After two hours of climbing the road finally dips downward, but only briefly. A chance to cool myself down slightly before it ramps up again for another 20 minutes of toil against gravity. At last, a steep descent leads me all the way to the town of Zabljak and my GPS unit guides me to the unassuming hotel that is Checkpoint 4, where race crew offer an enthusiastic welcome. I pick up my fourth stamp with 43 minutes to spare.

Zabljak food
All the yellow things.

Despite looking forward to reaching the checkpoint, once the initial joy had passed I was overcome with embarrassment at my performance. It sounds silly writing this now but I felt ashamed of the amount of rest I’d taken. There was guilt about the number of hotels I’d used, as if my sickness was just an excuse for being too soft. I’d clawed back 15 places since the low point in Cortina, but I’d been hoping for more before picking up this chest infection.

I cruised into the town proper to find some food and a chemist. Two OJs, a risotto, a carbonara, two ice creams, two packs of ibuprofen and more throat lozenges. That was the final checkpoint so the next target was Turkey. Asia. The finish line.

Zabljak heading south east
Kosovo – a day’s ride in that direction.

Descending out of the mountains it was head down for the next four hours, into the evening. An efficient petrol station raid and then back in the saddle for a final hour to the major town of Berane, arriving at 10pm. The night air was again damp and the next part of the route involved climbing two high mountains to the Kosovan border. The internal debate over whether to continue or to rest here didn’t take too long.

TCR Day 12 profile

I was the third rider to check into this hotel tonight; an obvious choice given it’s location and gaudy lighting drawing us in like moths.
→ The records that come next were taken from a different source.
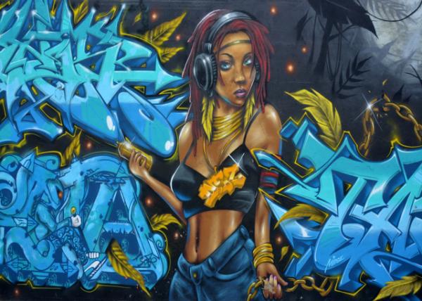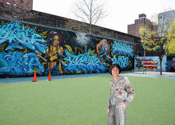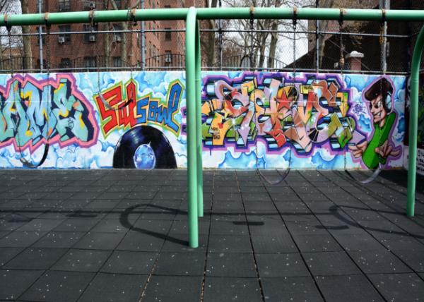 【注】涂鸦名人堂位于纽约东哈莱姆“沙脊家园”区106街和公园大道的传奇校园(Jackie Robinson Educational Complex),由绰号“刺魟”的社区活动家阳光·著名统治者(Ray Rodriguez, aka Sting Ray)于1980年左右创立,旨为街头艺术家提供展现喷漆技艺的户外画廊,如今这些混凝土墙画布已然变成“至高无尚好上加好”(Strictly Kings or Better)的涂鸦名人堂。
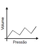 O processo contínuo da respiração consiste na expansão e contração de músculos da caixa torácica. Sendo um sistema aberto, quando a pressão intra-alveolar é menor que a atmosférica, ocorre a entrada do ar e os pulmões expandem-se. Após as trocas gasosas, a pressão intra-alveolar aumenta, ficando maior que atmosférica. Assim, com a contração da caixa torácica, os gases são expirados. Considerando a temperatura interna do corpo humano constante e igual a 37,5 oC, o gráfico que representa os eventos descritos é:
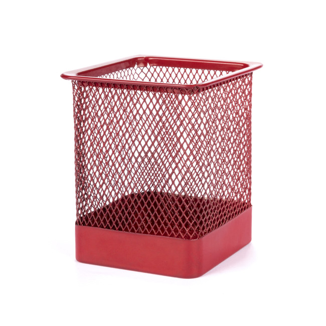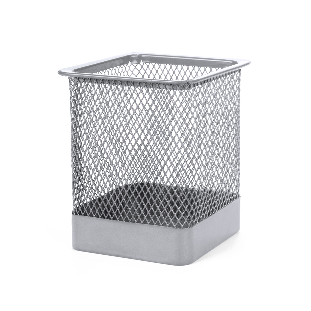 Portapenne a rete in metallo con finitura lucida e colori brillanti. Presentato in una scatola d'argento individuale.
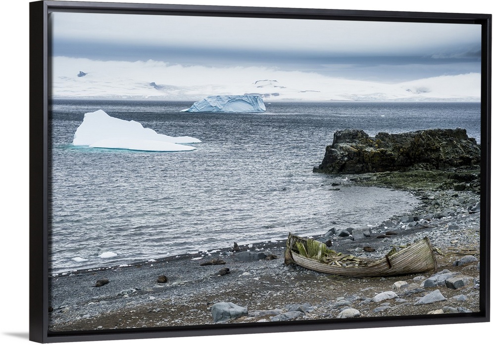 <p>Old cargo boat on the shores of Half Moon Island, South Shetland Islands, Antarctica, Polar Regions</p>
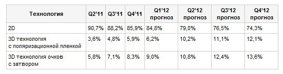 Согласно данным отчета, пока доминирующей остается технология очков с затвором, с уровнем проникновения в 2011 г. (относительно всех поставок LCD TV) в 6,2%, в то время как у технологии с поляризационной пленкой (film-type patterned retarder, FPR) — всего 3,9% (см. таблицу). По прогнозу NPD DisplaySearch, в 2012 г. уровни проникновения технологий составят 11,6% и 10,0% соответственно.
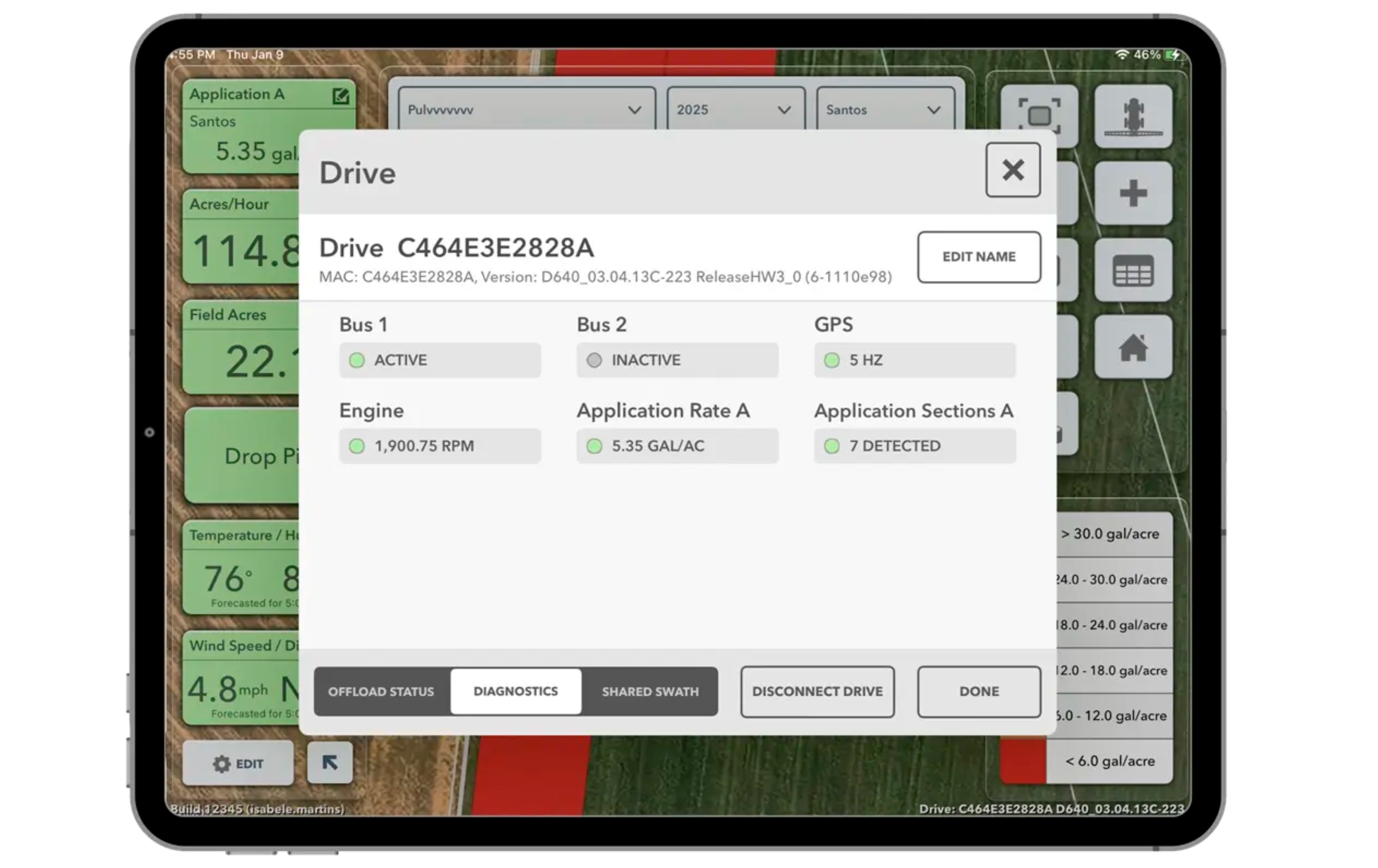 O desempenho dentro da cabine foi aprimorado, oferecendo uma experiência melhor para o operador. Agora, há maior estabilidade na conexão do Drive e melhor desempenho na transferência de dados. Além disso, o desempenho geral e a sincronização do CloudSync foram melhorados, essenciais para agricultores que coletam dados com o FieldView Cab. As melhorias incluem um RemoteView mais rápido, uma experiência de busca aprimorada ao adicionar novos híbridos à conta, e uma lógica aperfeiçoada para implementos montados em três pontos em baixas velocidades, garantindo qualidade de mapeamento superior. Também foram habilitados gatilhos do trator para Controladores de Taxa Incompatíveis, oferecendo uma opção de automação, e reduzido o limite mínimo de velocidade para esses controladores, melhorando o desempenho em velocidades mais baixas. Por fim, foram feitas correções gerais de bugs e melhorias de desempenho.
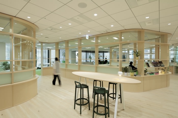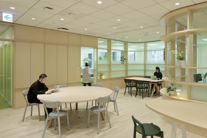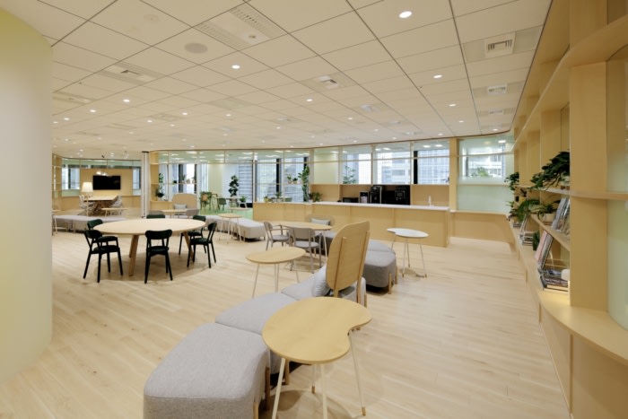 Inside the communal area, soft aesthetics of rounded furniture echo the curvilinear shelf wall and encourage face-to-face communication. Curved fawn dora dora modular seating, KDa’s collaboration with Karimoku, winds its way around a plush circular green rug and hugs side tables. Elsewhere, larger wood-toned tables are round or oval, and a minimalist corner coffee bar and counter serve as another casual meeting point. Each employee is asked to adopt and enjoy caring for one of numerous potted plants that bring the therapeutic benefits of nature into the space.
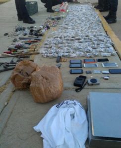También 493 bolsitas y otras 23 de diverso tamaño con marihuana, una manta de vinil, sogas elaboradas con cobijas, 12 teléfonos celulares y pipetas, entre otros objetos.
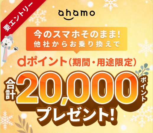 他社からahamoへ乗り換えると、dポイントが合計20,000pが進呈されます。(事前エントリー必須)
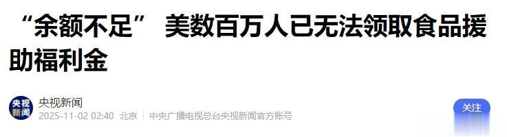 美国的“补充营养援助计划”原本要为约4200万人提供食物补助,但数百万人的该福利早已经因“余额不足”而失效。
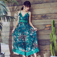 珂依舍2018春夏装新款春夏装V领吊带连衣裤碎花波西米亚度假沙滩阔腿裤裙
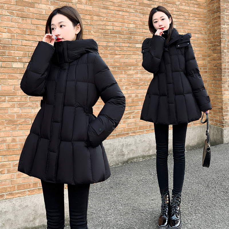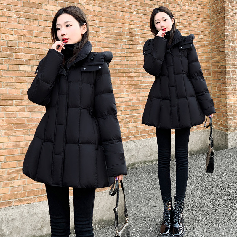 小个子黑色连帽鸭绒外套2025新款女装冬季修身收腰中长款羽绒服女
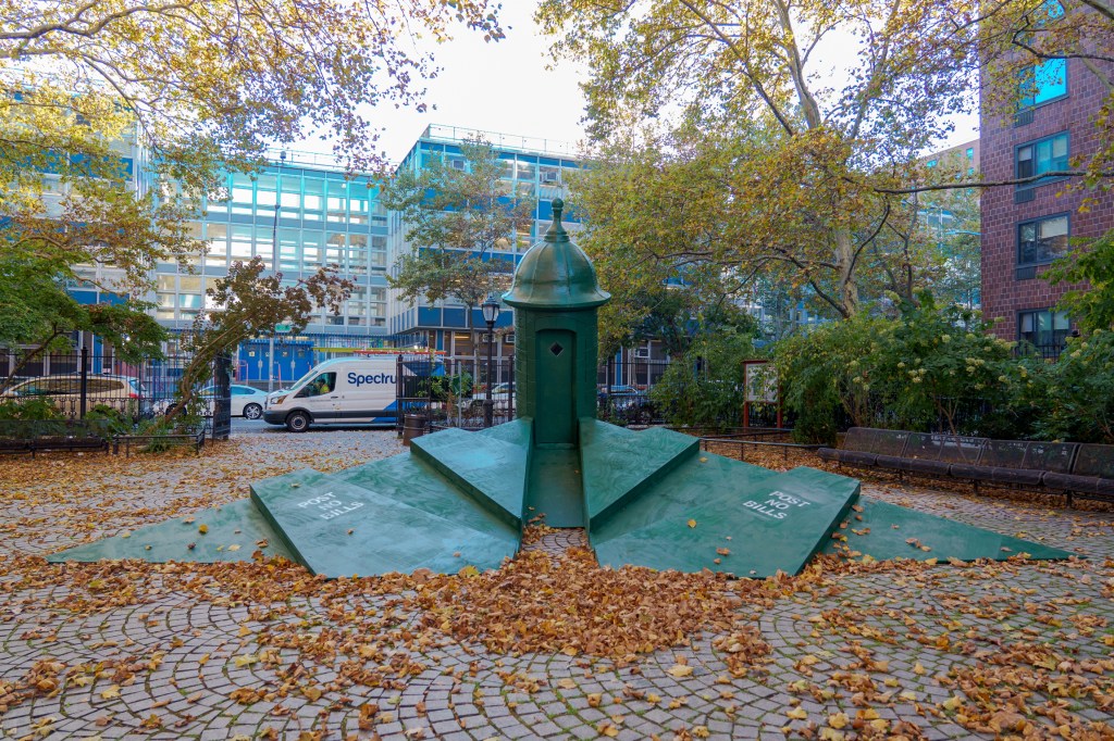 For centuries, and still…(anticipated completion), made in collaboration with Zaq Landsberg, recreates a guard tower (or Garita, in Spanish) from the historic colonial fortresses of Old San Juan, built out of NYC construction fencing material. Echoing the hastily painted green plywood walls, paint sprayed “Post No Bills» stencils, and everyday interventions such as buffed out graffiti and commercial posters, these elements represent a NYC visual language, which creates a visually specific link to Puerto Rico, its colonial legacy to the US, and the history of migration between both locations.
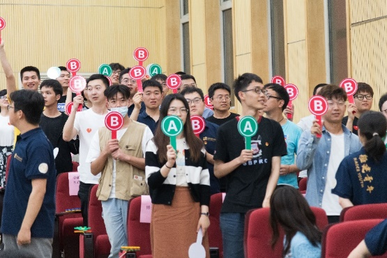 在“百人答题”环节,由一百位同学组成的选手方阵同时答题,逐题淘汰回答错误的同学。活动现场气氛热烈,场面壮观,观众们纷纷为参赛的同学加油鼓掌。最终通过四轮比拼,选出了四支队伍晋级第二轮。
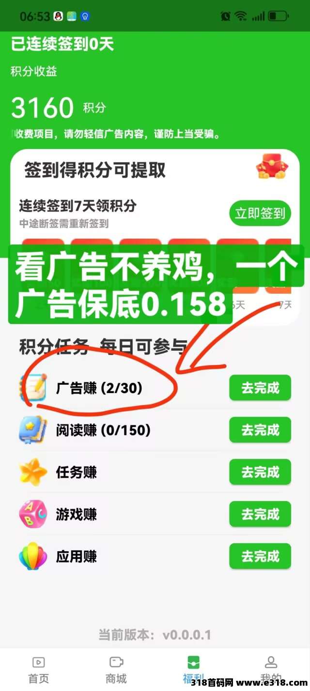 首码数影时代刚出,看广告不养机,一个广告保底0.15每天30个,1元起提
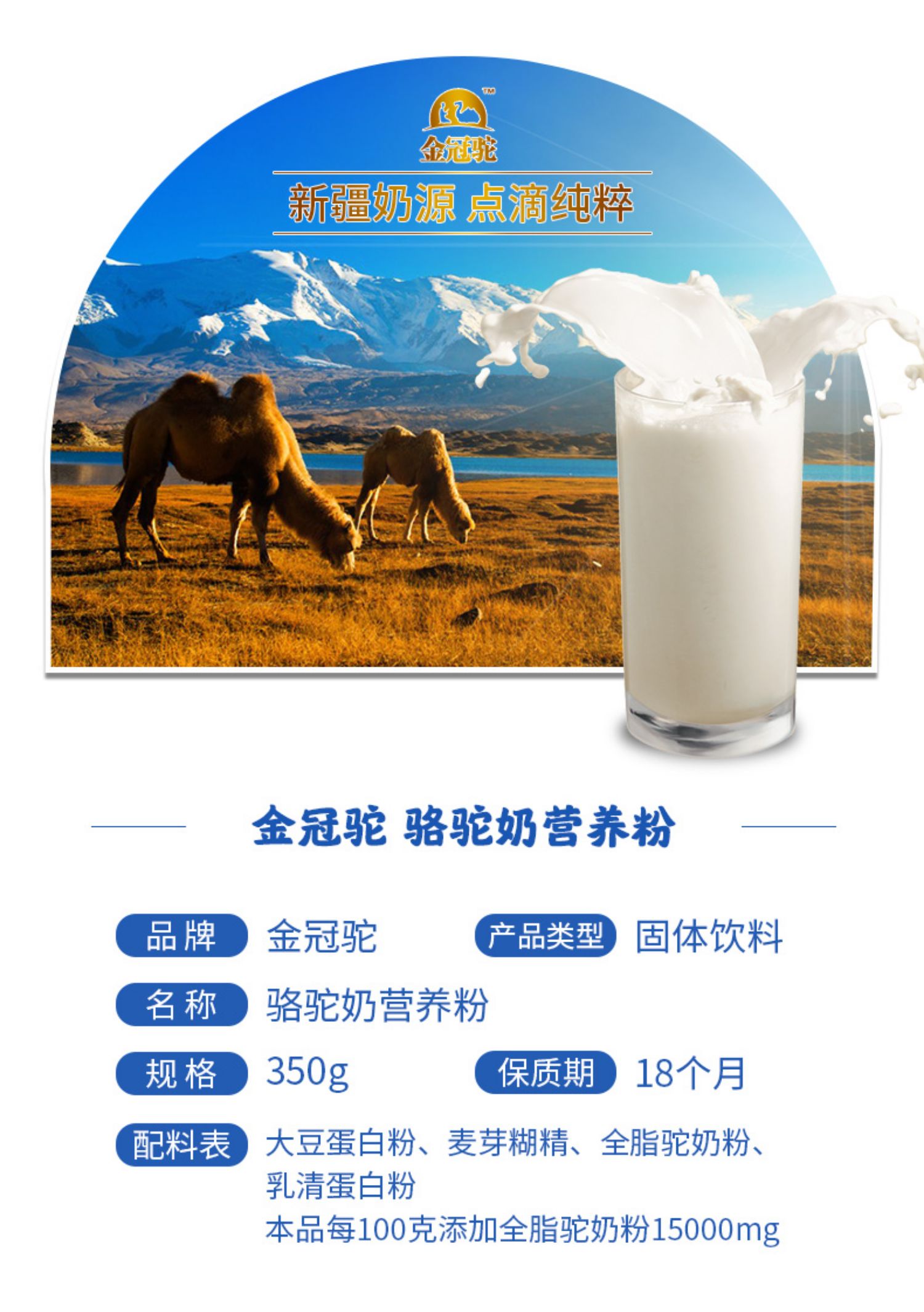 然新疆奶源骆驼奶,沙漠中的白金骆驼奶,富含十多种氨基酸和维生素。大人小孩均适合!自己喝,送家人朋友太划算!线下同档次400多一罐
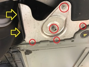 (x3) that attach the LH C-pillar bracket to the body.
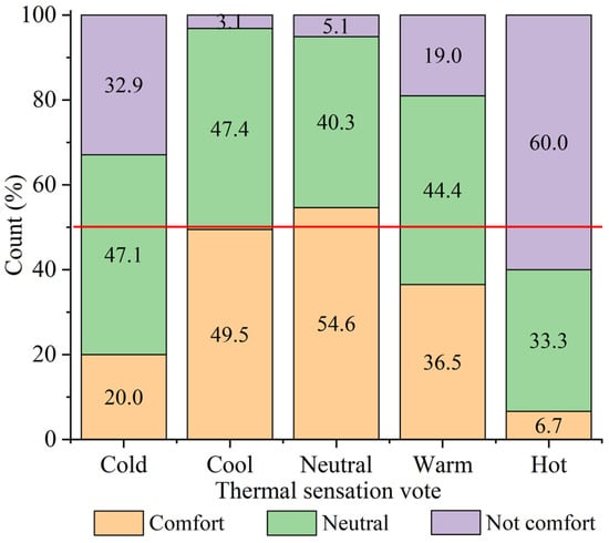 Compared with the physical indoor parameters, TS or AS can reflect the general comfort sensations of an indoor environment. The relationship between comfort sensations, TS and AS is discussed in this section, and Figure 8 shows the result of our survey.

I limped to the room (why is it always on the top floor!), plugged everything in to charge and then shuffled back down to the restaurant and joined my fellow riders for dinner. We talked about the deadly storm up ahead in Skopje, Macedonia, which had claimed 21 lives and destroyed infrastructure. We knew it was at least passable as the race map showed a few riders’ traces passing through earlier today.

“Are you going to make the party?” I asked them. They almost laughed at me, as if the idea was absurd. “The fact that we’re here, now, means that none of us will be making the party. You have to accept that”, one of them told me. Earlier in the day my wife had also tried to convince me of the same, no doubt conscious that my stubbornness is stronger than my sense of self-preservation. That stubbornness kicked in big time. “I am making that party. Watch my dot! You’ll see.” I must’ve sounded so petulant as I doggedly explained all the hurdles I’d faced and reasoned exactly why I was ‘out of position’. My resolve was now bubbling over. I was the clichéd child who’d been told he couldn’t do something.

“I am MAKING that party. Watch my dot. You’ll see!”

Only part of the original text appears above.